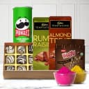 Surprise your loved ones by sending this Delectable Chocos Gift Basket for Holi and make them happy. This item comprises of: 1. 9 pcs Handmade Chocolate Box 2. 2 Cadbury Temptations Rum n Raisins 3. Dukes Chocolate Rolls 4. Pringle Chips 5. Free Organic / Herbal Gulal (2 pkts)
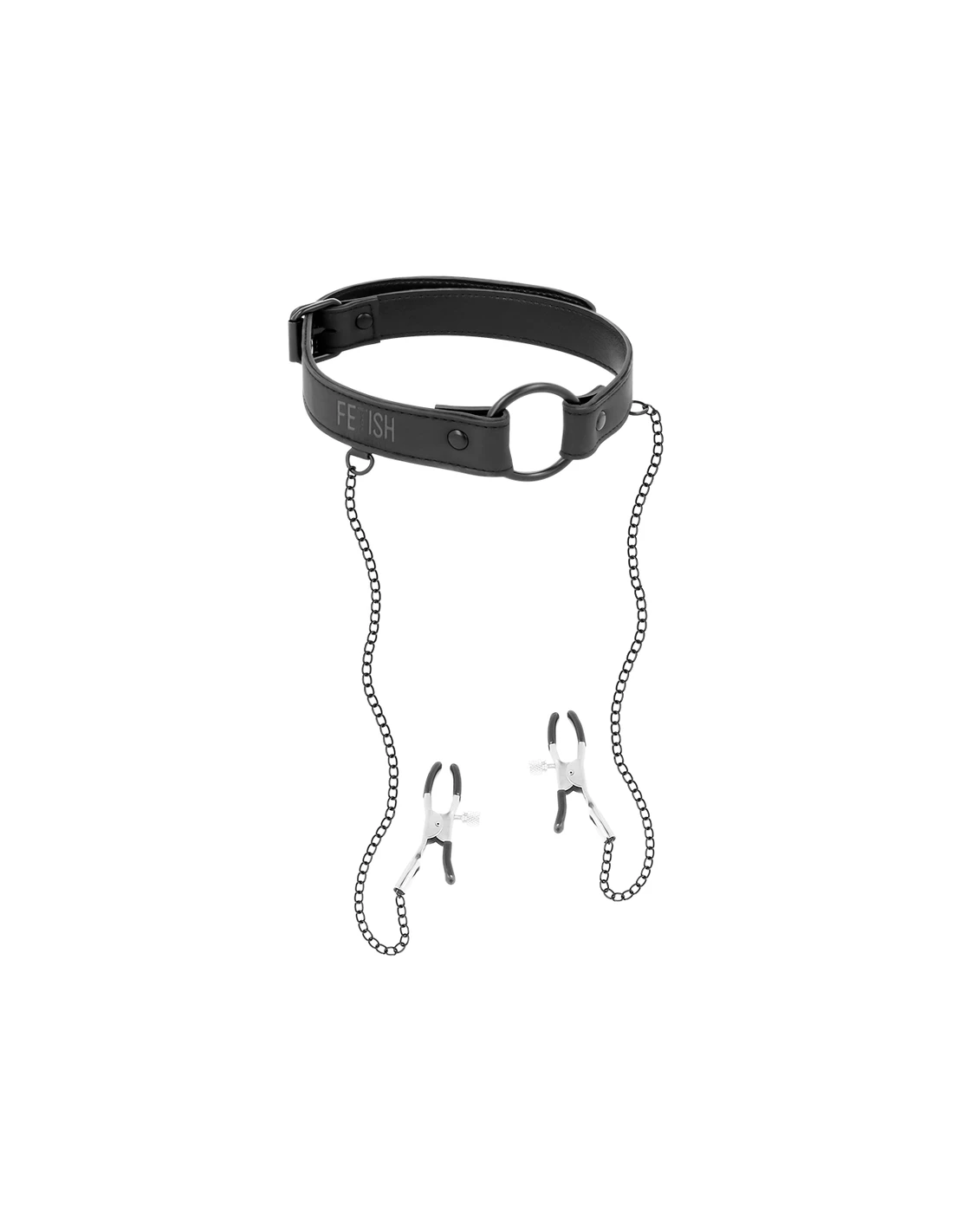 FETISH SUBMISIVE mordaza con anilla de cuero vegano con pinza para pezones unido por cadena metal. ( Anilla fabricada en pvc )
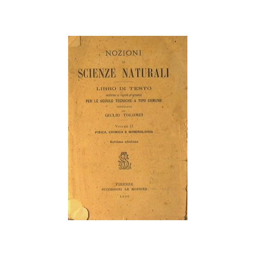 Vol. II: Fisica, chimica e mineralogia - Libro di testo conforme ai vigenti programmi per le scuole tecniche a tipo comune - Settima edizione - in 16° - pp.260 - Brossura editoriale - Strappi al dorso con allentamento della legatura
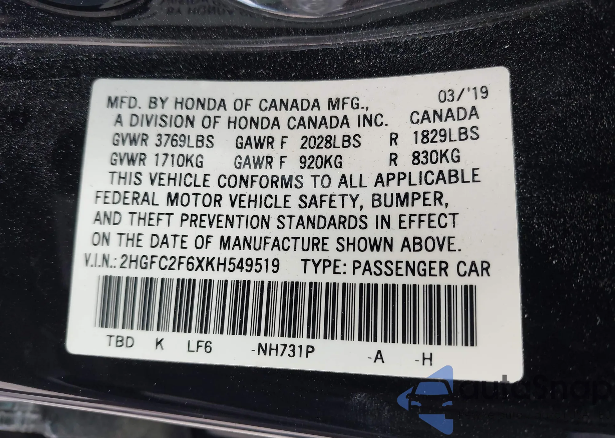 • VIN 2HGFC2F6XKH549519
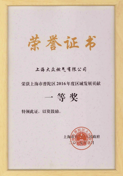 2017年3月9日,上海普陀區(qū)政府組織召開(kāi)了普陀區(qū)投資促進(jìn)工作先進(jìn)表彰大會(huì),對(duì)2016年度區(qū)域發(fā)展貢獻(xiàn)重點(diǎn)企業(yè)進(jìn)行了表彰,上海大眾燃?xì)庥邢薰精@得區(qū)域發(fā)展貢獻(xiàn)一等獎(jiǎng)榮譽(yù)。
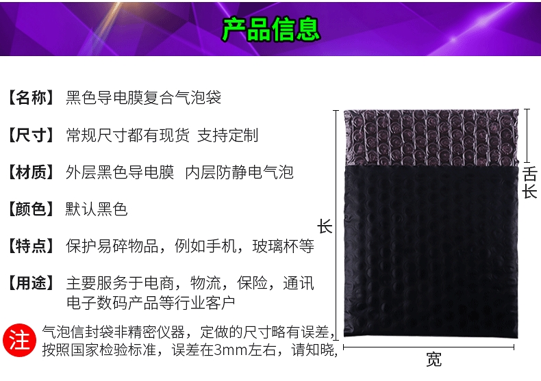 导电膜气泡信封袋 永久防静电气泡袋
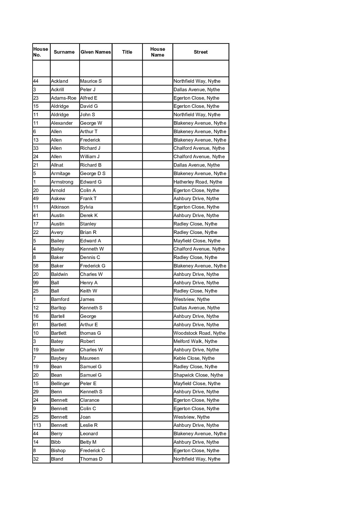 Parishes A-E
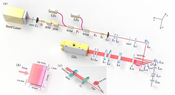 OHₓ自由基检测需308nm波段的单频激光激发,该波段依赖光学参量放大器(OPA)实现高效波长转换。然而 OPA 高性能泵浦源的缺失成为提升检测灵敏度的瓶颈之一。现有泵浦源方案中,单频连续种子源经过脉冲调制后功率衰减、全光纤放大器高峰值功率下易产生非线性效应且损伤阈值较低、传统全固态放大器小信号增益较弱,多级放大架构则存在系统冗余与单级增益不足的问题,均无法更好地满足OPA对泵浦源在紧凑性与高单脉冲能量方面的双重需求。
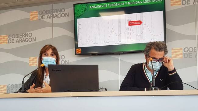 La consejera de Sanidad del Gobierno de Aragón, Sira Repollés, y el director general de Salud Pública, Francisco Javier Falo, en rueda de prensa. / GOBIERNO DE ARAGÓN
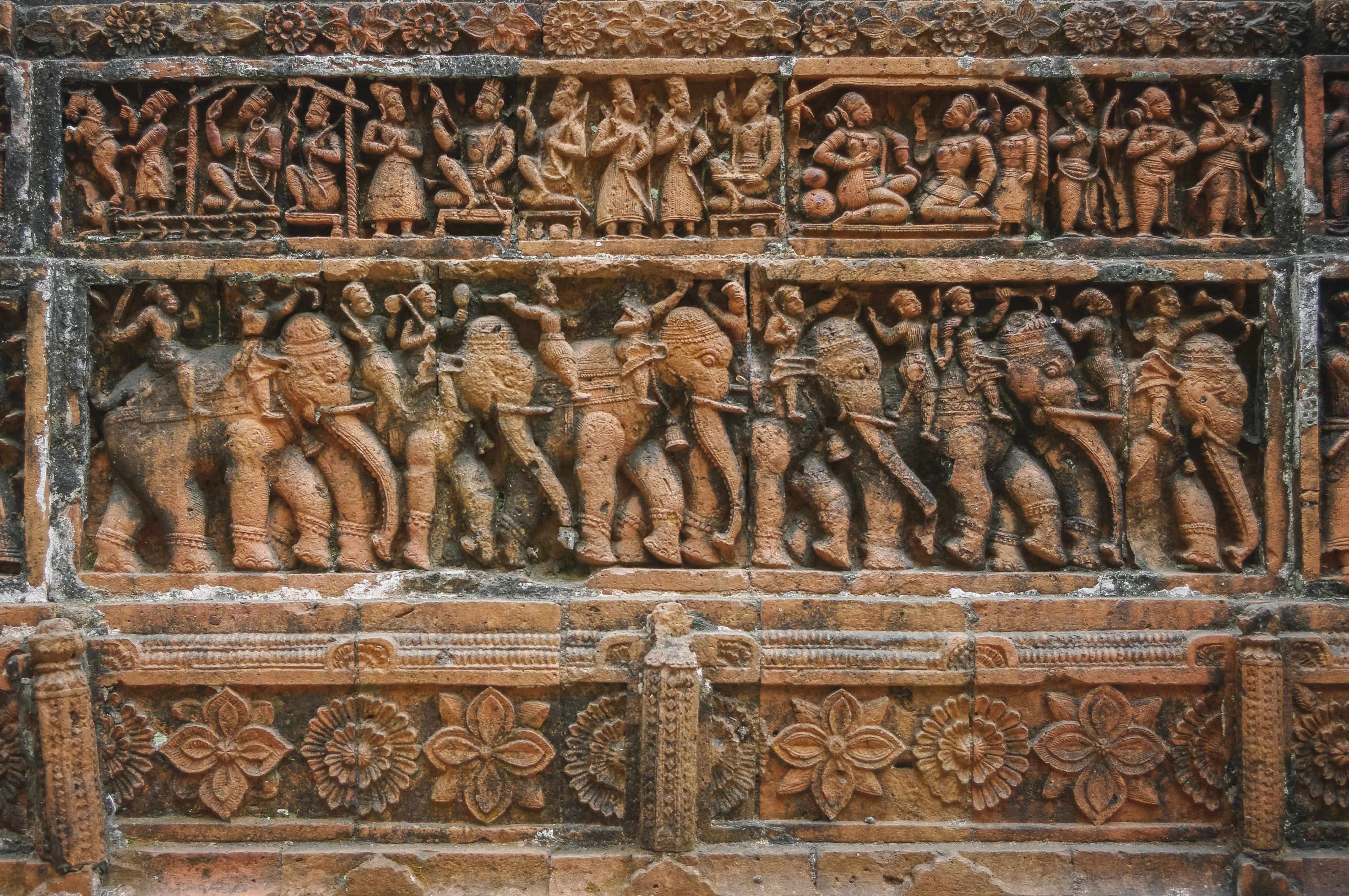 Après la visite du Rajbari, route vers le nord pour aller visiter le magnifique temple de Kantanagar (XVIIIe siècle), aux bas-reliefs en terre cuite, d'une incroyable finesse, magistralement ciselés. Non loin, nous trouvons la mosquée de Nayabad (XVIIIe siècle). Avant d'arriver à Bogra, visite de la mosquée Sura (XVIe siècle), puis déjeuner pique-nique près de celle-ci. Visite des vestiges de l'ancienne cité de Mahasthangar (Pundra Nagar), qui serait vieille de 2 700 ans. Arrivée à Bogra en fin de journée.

------------------------------

* EXERCISE DIRECTIONS *
The listing above is to be retyped word for word, with the pictures omitted.

* ANSWER SPACE *
 Surprise your loved ones by sending this Delectable Chocos Gift Basket for Holi and make them happy. This item comprises of: 1. 9 pcs Handmade Chocolate Box 2. 2 Cadbury Temptations Rum n Raisins 3. Dukes Chocolate Rolls 4. Pringle Chips 5. Free Organic / Herbal Gulal (2 pkts)
 FETISH SUBMISIVE mordaza con anilla de cuero vegano con pinza para pezones unido por cadena metal. ( Anilla fabricada en pvc )
 Vol. II: Fisica, chimica e mineralogia - Libro di testo conforme ai vigenti programmi per le scuole tecniche a tipo comune - Settima edizione - in 16° - pp.260 - Brossura editoriale - Strappi al dorso con allentamento della legatura
 • VIN 2HGFC2F6XKH549519
 2017年3月9日,上海普陀區(qū)政府組織召開(kāi)了普陀區(qū)投資促進(jìn)工作先進(jìn)表彰大會(huì),對(duì)2016年度區(qū)域發(fā)展貢獻(xiàn)重點(diǎn)企業(yè)進(jìn)行了表彰,上海大眾燃?xì)庥邢薰精@得區(qū)域發(fā)展貢獻(xiàn)一等獎(jiǎng)榮譽(yù)。
 导电膜气泡信封袋 永久防静电气泡袋
 Parishes A-E
 OHₓ自由基检测需308nm波段的单频激光激发,该波段依赖光学参量放大器(OPA)实现高效波长转换。然而 OPA 高性能泵浦源的缺失成为提升检测灵敏度的瓶颈之一。现有泵浦源方案中,单频连续种子源经过脉冲调制后功率衰减、全光纤放大器高峰值功率下易产生非线性效应且损伤阈值较低、传统全固态放大器小信号增益较弱,多级放大架构则存在系统冗余与单级增益不足的问题,均无法更好地满足OPA对泵浦源在紧凑性与高单脉冲能量方面的双重需求。
 La consejera de Sanidad del Gobierno de Aragón, Sira Repollés, y el director general de Salud Pública, Francisco Javier Falo, en rueda de prensa. / GOBIERNO DE ARAGÓN
 Après la visite du Rajbari, route vers le nord pour aller visiter le magnifique temple de Kantanagar (XVIIIe siècle), aux bas-reliefs en terre cuite, d'une incroyable finesse, magistralement ciselés. Non loin, nous trouvons la mosquée de Nayabad (XVIIIe siècle). Avant d'arriver à Bogra, visite de la mosquée Sura (XVIe siècle), puis déjeuner pique-nique près de celle-ci. Visite des vestiges de l'ancienne cité de Mahasthangar (Pundra Nagar), qui serait vieille de 2 700 ans. Arrivée à Bogra en fin de journée.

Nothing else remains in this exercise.